As intermitências da primavera

Jorge Adelar Finatto


photo: j.finatto


O amor - ou esse sentimento que aproxima pessoas solitárias e desamparadas como ele - inaugurou datas no calendário, pintou de lilás e rosa o coração.

O amor tocou músicas no som do carro e do apartamento. O amor pintou de azul e amarelo as flores do vaso da sala. O amor tornou-o uma pessoa melhor para si e para os outros.
 
Um dia, talvez, ela, que gostava tanto de gatos, regressará da nuvem onde foi habitar. Virá buscá-lo, como sempre fazia, para irem juntos ao cinema, ao café, à livraria, ao Parque Harmonia ver o pôr-do-sol na beira do Guaíba.
 
Ela foi o único ser humano que conseguiu resgatá-lo da remota ilha. Morreu há três anos de uma doença que não vale a pena lembrar, foi embora depois de sorrir e dizer que ele não devia se preocupar, tudo ia dar certo. Perdeu-a pouco antes de irem morar juntos.
 
Sente-se um morto-vivo sem aquela que o salvou da solidão de náufrago.  Ela foi a sua primavera.

Uma colega de trabalho disse-lhe que ele é muito certinho. A vida, não.
 
O fato é que, um dia, ele sonhou ser feliz para sempre. Mas a realidade disse que para sempre é tempo demais.
 
A família que, no passado, foi unida, agora vive dividida, os irmãos quase não se convivem.
 
A mãe, que em vida tecera com dedos de fada os frágeis laços do afeto familiar, também morreu antes do tempo. Ninguém a substituiu na rara arte de evitar e, sobretudo, de colar os cacos. Os cristais se partiram.
 
Ele voltou a viver no ermo distante da ilha. Tornou-se um estrangeiro em sua própria cidade. Os antigos amigos transformaram-se em conhecidos, foram casando, criando filhos, separando, mudando de rua, de bairro, cidade, país.

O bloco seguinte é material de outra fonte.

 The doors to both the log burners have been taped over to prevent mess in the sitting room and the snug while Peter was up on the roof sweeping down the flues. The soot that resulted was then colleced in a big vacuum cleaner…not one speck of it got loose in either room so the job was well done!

O seu mundo reduziu-se ao apartamento, ao trabalho, às idas ao mercado, às leituras, a uma eventual saída aos sábados e às impiedosas tardes e noites de domingo.
 
Teve poucos relacionamentos depois, coisas entediantes, sem nenhuma importância. Não consegue fazer o tipo leve, desses à vontade no mundo. Gosta de pensar, procurar sentidos. E não os encontra.
 
Sexo de ocasião nunca foi pra ele. Tem receio das pequenas e insignificantes memórias que o invadem, quando a dona delas vai embora. O que para muitos é pura diversão, para ele é vertigem. Se ao menos não sentisse as coisas.

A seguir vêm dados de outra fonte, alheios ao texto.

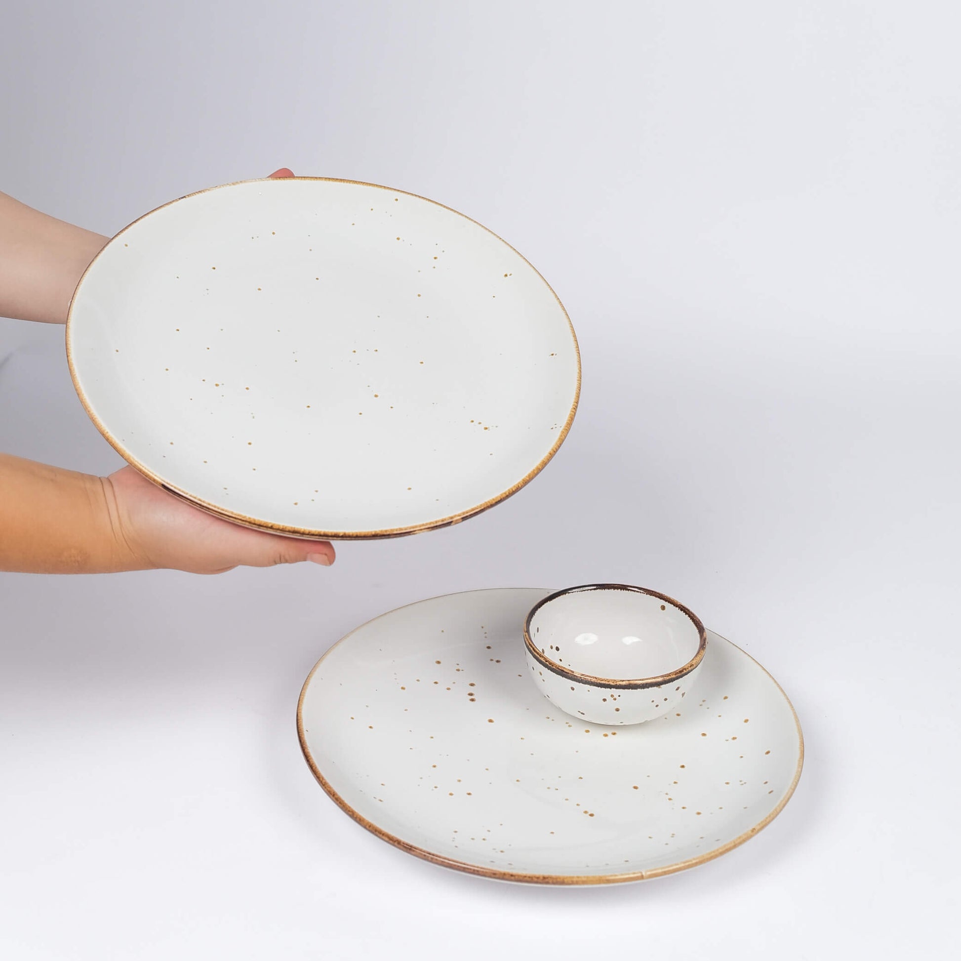 Golden flecks Dinner Set (4 piece) | 2 Plates & 2 Dal bowls

O lugar onde vive - a longínqua ilha - só não é uma tapera porque a velha empregada da família aparece duas vezes por semana, dá um ar doméstico ao tugúrio. Os únicos seres vivos ali, além dele, são as hortênsias que cultiva na sala, em dois vasos, um em cada lado da janela.
 
As hortênsias acendem as manhãs de verão, iluminam a casa.
 
A janela é o ponto de referência dele no planeta.
 
Dali pode ver a praça e as pessoas nela, as árvores e a rua, o céu, os outros edifícios.
 
De qualquer parte do universo um observador pode tê-lo como objeto de estudos. Todos os dias, no fim da tarde, está na janela tomando chimarrão. Só.
 
No fundo, nunca a perdoou por tê-lo abandonado no mundo.
 
O medo de amar afeiçoou-se a ele como as heras num túmulo de cemitério do interior.
 
A solidão o faz acariciar o gato invisível, na frente da televisão, até adormecer.
 
Se fez acompanhamento psiquiátrico para esse viver tão desolado? Sim. Mas continua o mesmo homem enclausurado, estranho a si mesmo, sem saber o que fazer com as mãos quando está sozinho.

O outono chegou com um cesto florido de lembranças dela. Vive de memória.
 
Os dias chuvosos, frios, deixam as pessoas entocadas em casa.
 
A praça está vazia agora. Recorda-se dos dias em que caminhavam juntos ali.

A ausência da primavera faz o coração girar louco na ventania.
 
Se ao menos tivesse um gato de verdade.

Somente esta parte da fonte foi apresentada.